Conclusion: decoding remains a separate bottleneck. The current xtrain sampler only supports greedy and temperature sampling; top-p and
repetition penalty exist in xserv's chat path, but not in the raw xtrain sampler or xserv-cli path used for weight validation. A clean
next step is to add a raw generation tool with temperature/top-p/repetition-penalty so decoding experiments do not depend on chat
templates.
xserv Validation
Registry path:
/opt/wjh/projects/tiny-models/v10-fineweb-edu-dim1280-gqa-data6765
Files:
config.jsonmodel.safetensors(BF16, 201 tensors, 927MB)tokenizer.jsonxtrain.ckpt(fp32 master checkpoint, 1.9GB)

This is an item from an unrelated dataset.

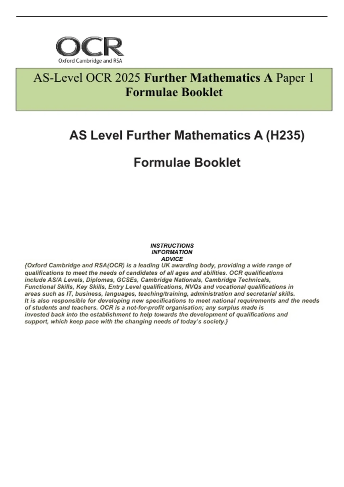 AS-Level OCR 2025 Further Mathematics A Formulae Booklet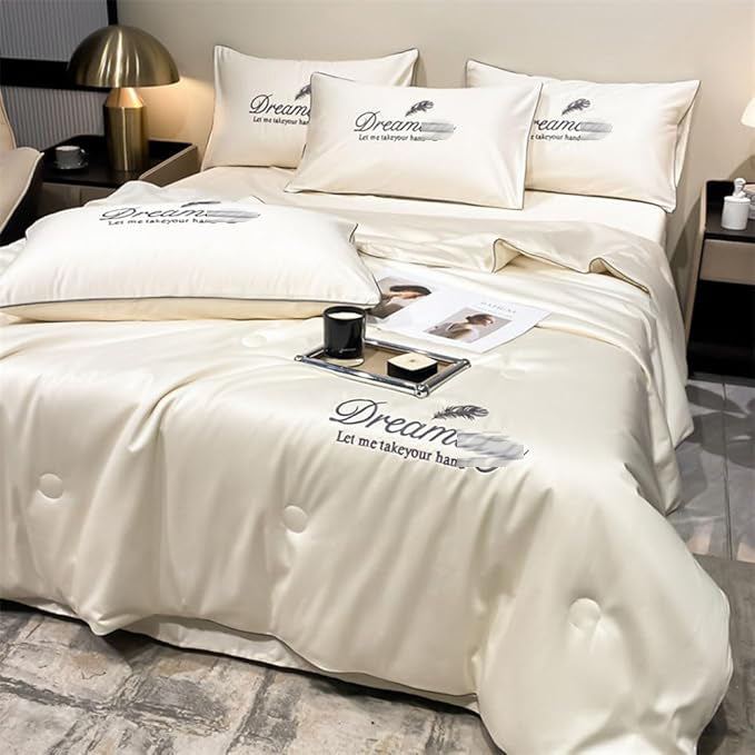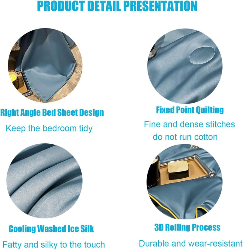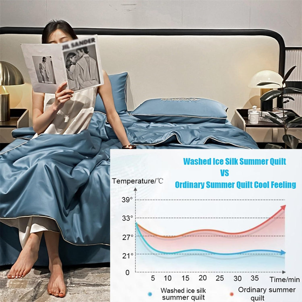 4 Piece Set Ice Silk Quilt Summer Comforter, Pillow Covers & Bed Sheet

xserv loads v10 as true GQA:
Model: qwen3, layers=18, hidden=1280, heads=40/10 kv, vocab=50257
Loaded 201 tensors
Ready (KV cache, dtype=bf16).
v11 Feasibility: Bigger Model + Longer Context
A v11 smoke test prioritized the user's chosen direction: larger model plus longer context.
Candidate:
| item | value |
|---|---|
| dim / layers | 1536 / 20 |
| heads / kv_heads | 48 / 12 |
| ffn | 6144 |
| core / total params | 684.26M / 838.65M |
| stack | bf16 + recompute + flash + accum + 8 GPU DDP |
Smoke results:
| seq | batch / accum | effective batch | peak mem | tok/s | result |
|---|---|---|---|---|---|
| 512 | 64 / 4 | 256 | 30530 MiB | 44.7K | 50 steps OK |
| 1024 | 32 / 8 | 256 | 30530 MiB | 31.0K | 20 steps OK |
Both fit, but the memory margin is thin on 32GB RTX 5090. Expected one-epoch wall clock on 6.76B tokens:
- seq512: roughly 42h
- seq1024: roughly 61h
Recommendation: make v11 a controlled run, not a blind launch. Use fixed eval v1, keep data fixed, and choose either:
- v11a practical: dim1536/20L, seq512, batch64/accum4. Faster, still doubles context over v10.
- v11b long-context: dim1536/20L, seq1024, batch32/accum8. More aligned with "long context", but ~2.5 days and tight memory.
For scientific clarity, v11 should not append more data before training; use the current 6.765B train cache while preserving fixed eval v1.